Charges have been dropped against a nurse accused of contaminating saline at Stockport’s Stepping Hill Hospital.
Rebecca Leighton, 27, of Heaviley, was arrested by police investigating the deaths of several patients in July.
Greater Manchester Police have revealed they are investigating 40 cases of contamination including seven deaths.
Prosecutors said there had not been “sufficient evidence” for whether the case could go ahead. Miss Leighton said she had been “living in hell”.
Officers said Miss Leighton was released from prison on Friday afternoon after she was told by the governor at HMP Styal in Cheshire that the charges against her were being dropped.
They said police were in contact with her to guarantee her safety and “to try and help her back into the community”.
The Crown Prosecution Service said it was “no longer appropriate” to continue the case against Ms Leighton.
Solicitor Carl Richmond read a statement on behalf of Ms Leighton in which she thanked her family, friends and members of the public who “never doubted my innocence during this living nightmare”.
It read: “I’ve been in a living hell and was locked up in prison for something I had not done.
“It was so frustrating for me knowing that the person who actually carried out these terrible acts is still out there.
“My life has been turned upside-down. All I ever wanted to do was to pursue a profession in nursing and care for my patients.”
Nazir Afzal, Chief Crown Prosecutor for the North West, said Miss Leighton had been charged on the basis there was “reasonable suspicion she had committed the offences and there were reasonable grounds for believing the continuing investigation would provide further evidence within a reasonable amount of time”.
He added: “When we make a decision on this basis, it would be wrong of us to keep a suspect in custody indefinitely without keeping a very close eye on what evidence is emerging and whether objections to bail can be justified.
“The inquiries, which are still ongoing, have not so far provided us with a stronger case which would meet the test that there is sufficient evidence for a realistic prospect of conviction. This is the test all cases must meet for a prosecution to go ahead.”

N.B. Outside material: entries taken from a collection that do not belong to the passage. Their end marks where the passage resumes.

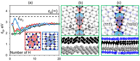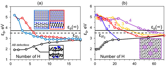 The presence of several nearby vacancies can facilitate diamond formation. In contrast to the vacancy located only in one layer, we considered the agglomeration of cross layer vacancies in bilayer AB stacked graphene which can be obtained by its irradiation with low-energy ion beams of high density. In this structure, the defects affect each other. It leads to the formation of a reactive area between them which easily binds hydrogen atoms and forms interlayer bonds. We considered an agglomerate of vacancies separated from each other by about 5 Å, as seen in Figure 1b. After full passivation of the atoms in the first coordination sphere of the vacancy (binding energy 4.6–4.9 eV), passivation occurs in the region between the vacancies producing a fully hydrogenated area (Figure S4). After this step, hydrogen adsorbs on the outer perimeter of the agglomerate forming a hydrogenation front that spreads uniformly in all directions. As can be seen from Figure 1b, already after the hydrogenation of the second coordination sphere, the C-H bond energy is equivalent to the corresponding value obtained for perfect graphene. This also confirms the local influence of the defects on the phase transition processes in the bilayer graphene. As the number of nearby vacancies increases, the reactive region enlarges. It results in the shift of εb (n) intersection with from 15 atoms for 1 vacancy (blue line in Figure 1b) to 65 hydrogen atoms for the agglomerate of 4 vacancies (purple line in Figure 1b), respectively. For the latter case, the average C-H binding energy differs only slightly from .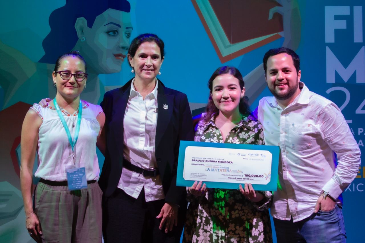 En el marco de la segunda edición de la Feria Internacional del Libro y Medios Audiovisuales (FILMAQ 2024), la Secretaría de Cultura entregó el premio al ganador del Concurso Literario de Cuento Infantil Ilustrado 2024 "La Matatena" al escritor Braulio Guerra Mendoza, por su obra titulada “¿A dónde fueron los cabellos de papá?”
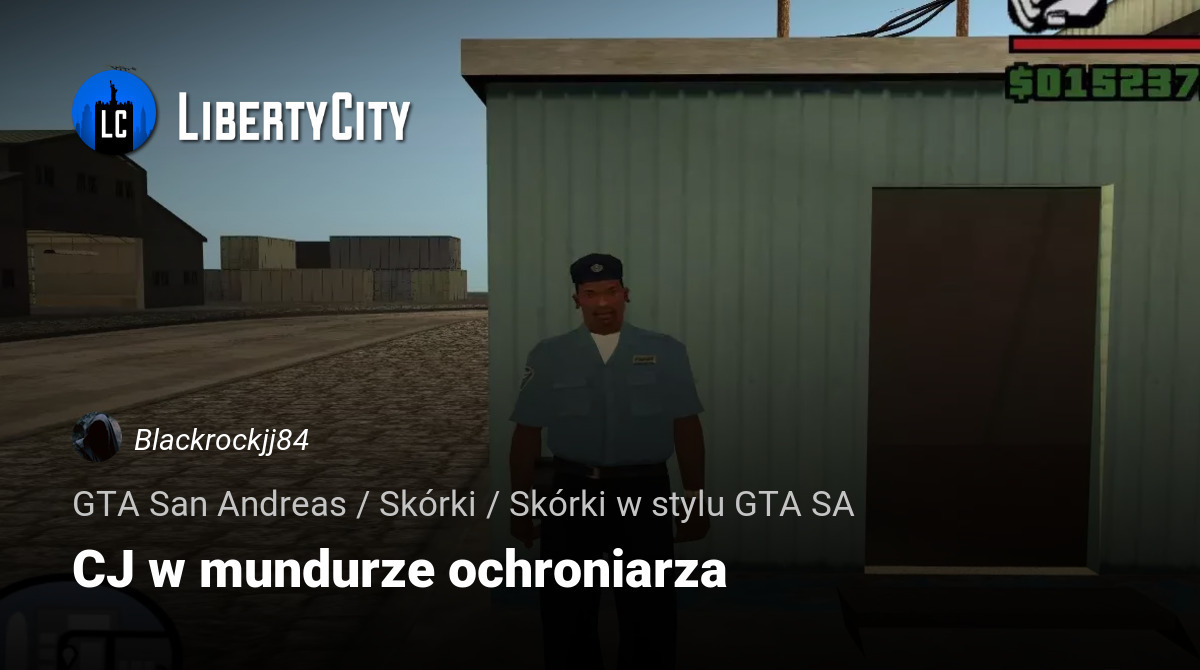 Ten mod całkowicie zmienia wygląd Carla Johnsona, przekształcając go w ochroniarza. CJ jest ubrany w klasyczny mundur ochroniarski, w tym koszulę z pagonami, spodnie i odpowiednie obuwie, tworząc wizerunek profesjonalisty gotowego do pracy. Ta skórka nadaje się zarówno do scenariuszy RPG, jak i po prostu do urozmaicenia wyglądu głównego bohatera w GTA San Andreas. Model został wykonany zgodnie z proporcjami oryginalnej postaci, co pozwala mu wyglądać harmonijnie w świecie gry. Skórka jest kompatybilna z animacjami i nie powoduje wizualnych błędów podczas ruchu, strzelania czy interakcji z obiektami.

Lawyers representing Ms Leighton said on Friday the case against her was “weak” at a bail application made on her behalf in August.
They said Mr Justice Henriques had told the court the evidence against Ms Leighton amounted to her fingerprints being on a saline bag, which had been damaged by a needle.
Although the plea for her to be given bail was rejected at that hearing, her lawyers said the judge accepted “many people” had access to the saline bags and the fluid and that Miss Leighton had every reason to be touching the items in her role as sister.
‘No stone unturned’
Assistant Chief Constable Terry Sweeney defended the decision to charge Rebecca Leighton, saying it was “the correct one at the time based on the information and evidence available then”.
He confirmed that officers had interviewed 200 out of 700 people who could have had access to the area concerned, including potential victims as well as hospital staff, patients and visitors.
Mr Sweeney said thousands of items were subject to examination and officers would “leave no stone unturned”.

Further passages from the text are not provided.